To avoid this problem, implement the power of the “Do-Something Principle.” This dictum states that action, inspiration and motivation are all triggered by one another in an endless loop with action as the most reliable and crucial trigger. Action begets inspiration and emotional reaction which begets the motivation for your future actions. This loop is the grounds for building a habit of consistent action.
3. Cultivate the Most Useful Form of Patience
Lack of progress on a project can be discouraging. So, you could easily declare that the success of a project or a startup is all just a matter of time. Building quickly and then waiting to hear feedback about potential bugs, scalability issues, or further extensions is tempting. Patience, in development, is a form of idleness.
Patience implies waiting for things to improve on their own.
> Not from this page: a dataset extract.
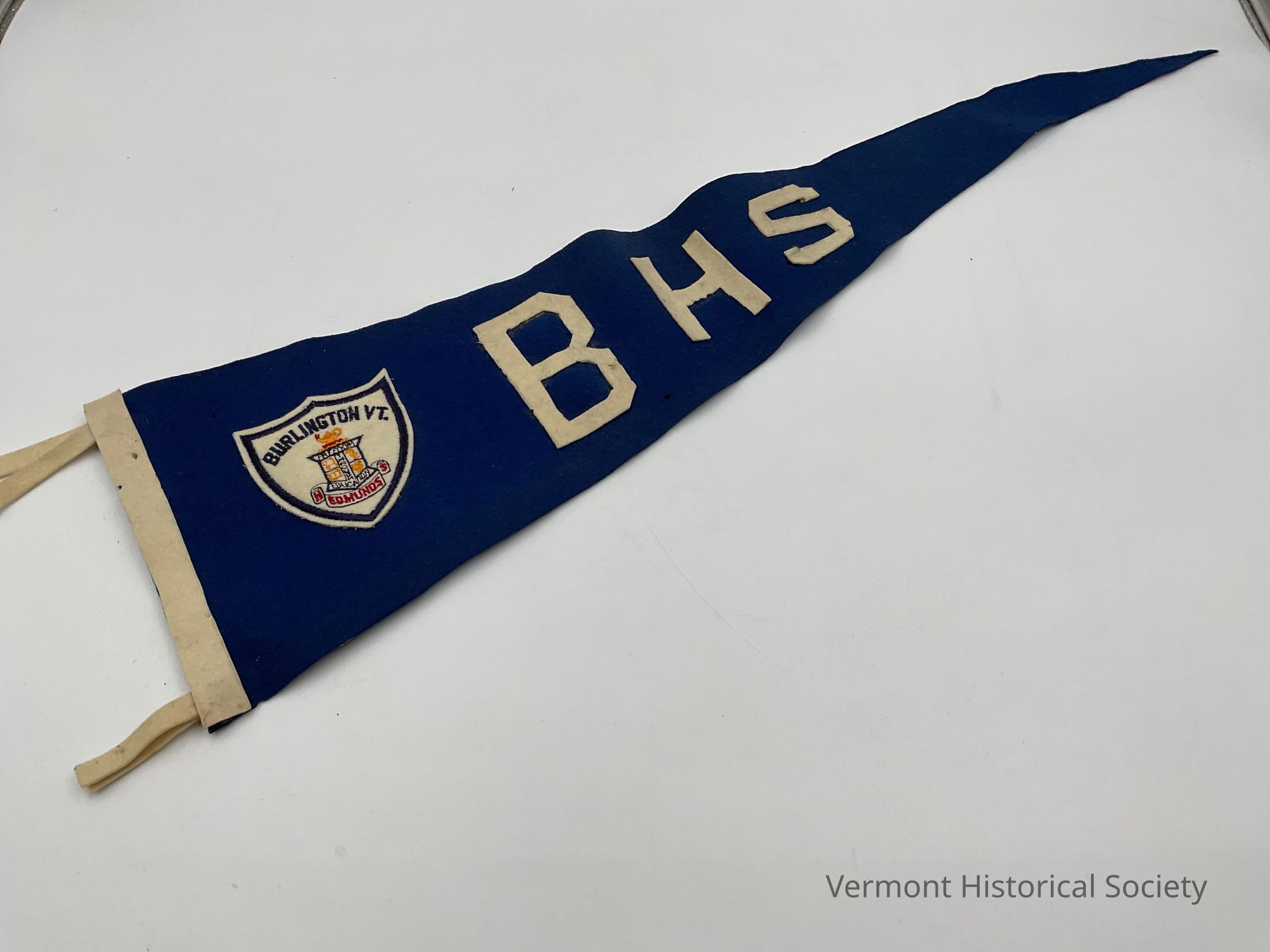 A blue pennant with large, white initials -- BHS -- glued on the pennant plus a shield logo for Burlington, Vermont. BHS stands for Burlington High School.

Persistence, on the other hand, involves keeping your head down and continuing to work when things take longer than you expect. Being patient isn’t enough. Rather, you must be persistent.
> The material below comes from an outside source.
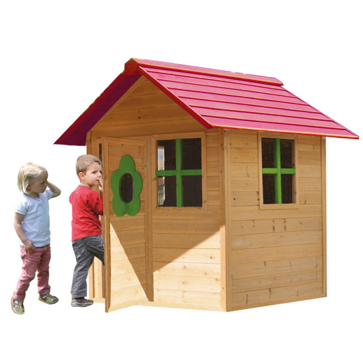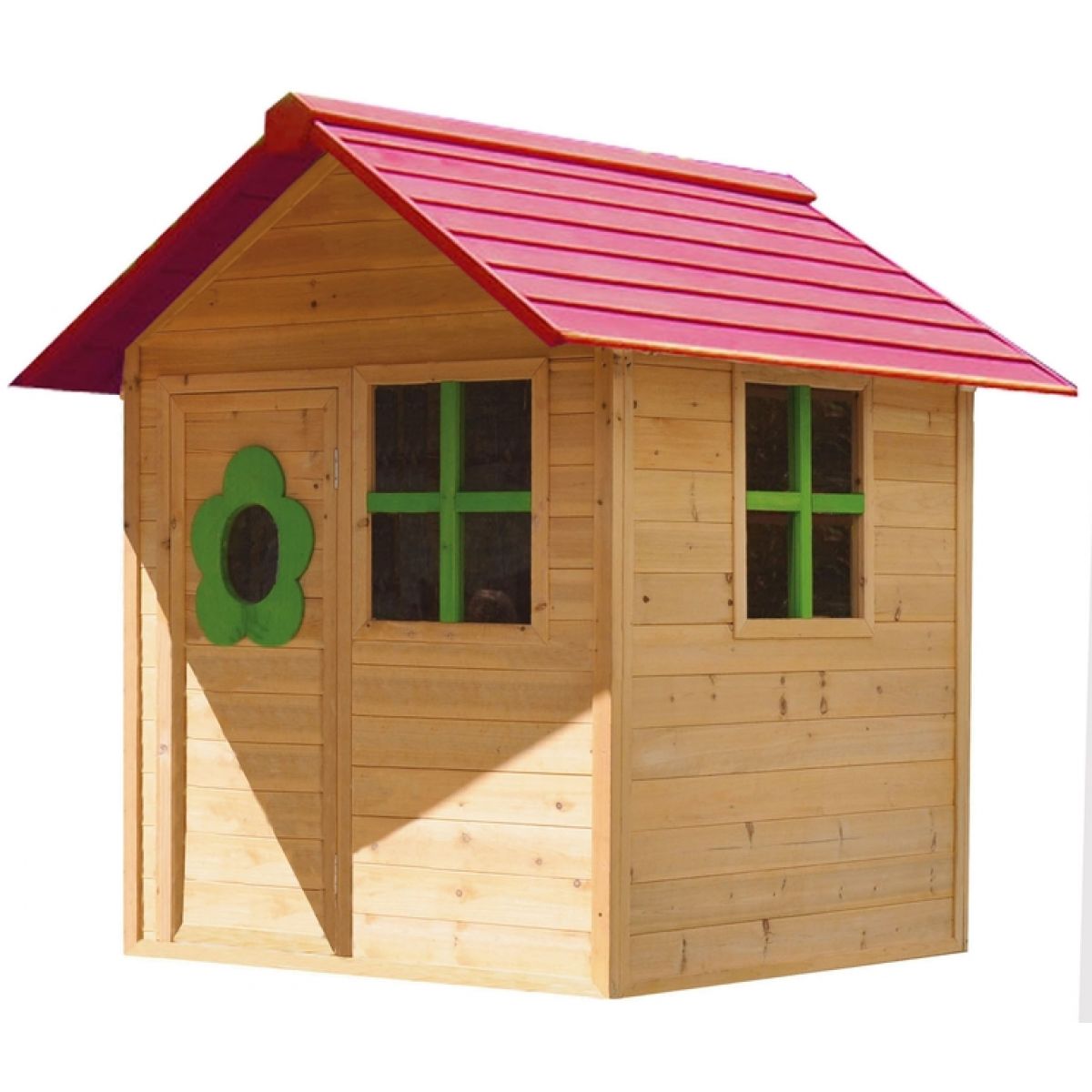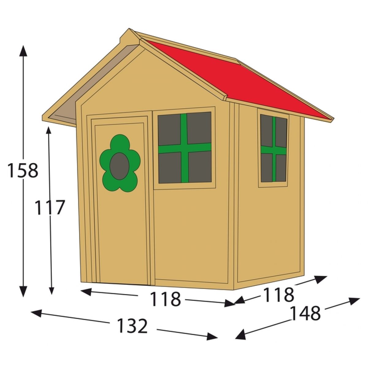 Celodřevěný dětský domeček s okny s plastovou výplní. Dřevo je ošetřeno proti škůdcům a plísním.

In psychology, studies have shown that there are two fundamental determinants of success: self-control (i.e., being able to control daily distractions) and grit (i.e., being able to persevere despite major setbacks). Separated into time scales, you should employ self-control on a daily basis as a means of managing impulsive decision-making so that the code you write is thoughtfully constructed. The amount of self-control you have translates into your ability to be persistent, focused, and patient with the process of development. That’s why grit is not something you can simply build overnight. Instead, it’s a long-term quality that you must hone and deploy over many years. Grit allows you to hurdle over your largest obstacles by finding alternative ways of doing things after rejection and failure.
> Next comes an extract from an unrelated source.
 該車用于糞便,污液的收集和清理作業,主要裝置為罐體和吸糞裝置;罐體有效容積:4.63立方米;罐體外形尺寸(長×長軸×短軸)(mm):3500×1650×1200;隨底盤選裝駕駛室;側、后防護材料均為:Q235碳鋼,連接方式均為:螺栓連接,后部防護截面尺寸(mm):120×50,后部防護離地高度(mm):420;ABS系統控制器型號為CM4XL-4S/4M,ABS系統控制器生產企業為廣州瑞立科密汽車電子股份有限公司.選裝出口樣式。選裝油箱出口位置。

When looking at development, take a step back and adopt a broader view of a problem. Think about the scalability and extension of a component and the teammates who will need to modify your code. Consider the potential impact the component has on the existing codebase and audience. Try to foresee all the problems that might arise once the component is deployed. By keeping all these things in mind, you become better able to handle future hardships and to build more resilient software.
In essence, in order to be effective in the long term, you need to code with purpose. Your code should reflect the fact that you’ve thought critically about the problem. When you think critically about a problem, you become soberly aware of everything that you need to put into a component. Once you gain that clarity, focus then becomes second nature. When you’re focused on the singular outcome that you need to achieve, you become motivated to build that component exactly as you see it. That component no longer just becomes a task that needs to be fulfilled, but rather a reflection of your own creativity and mind. It becomes yours.
Sharpen Your Focus
Focus and effectiveness aren’t results reserved solely for the best of us. You can cultivate focus through continuous, meaningful action . Anyone can achieve it.
It’s not enough to simply develop something. Rather, you should always aim to develop every project that you’re assigned or pursuing with the goal to make it one of the greatest things you’ve had the chance to build. It doesn’t matter whether or not it’s a test suite, a tool, an interface, or some complex backend operation.
Concentrate on what you can earn, not what you deserve. Before you beg for more time, first eliminate what’s distracting you. Instead of being patient or fast, be persistent and thoughtful with everything you build. By implementing each of these three ideas into your daily work, perhaps you’ll find yourself more focused and effective than you’ve ever been.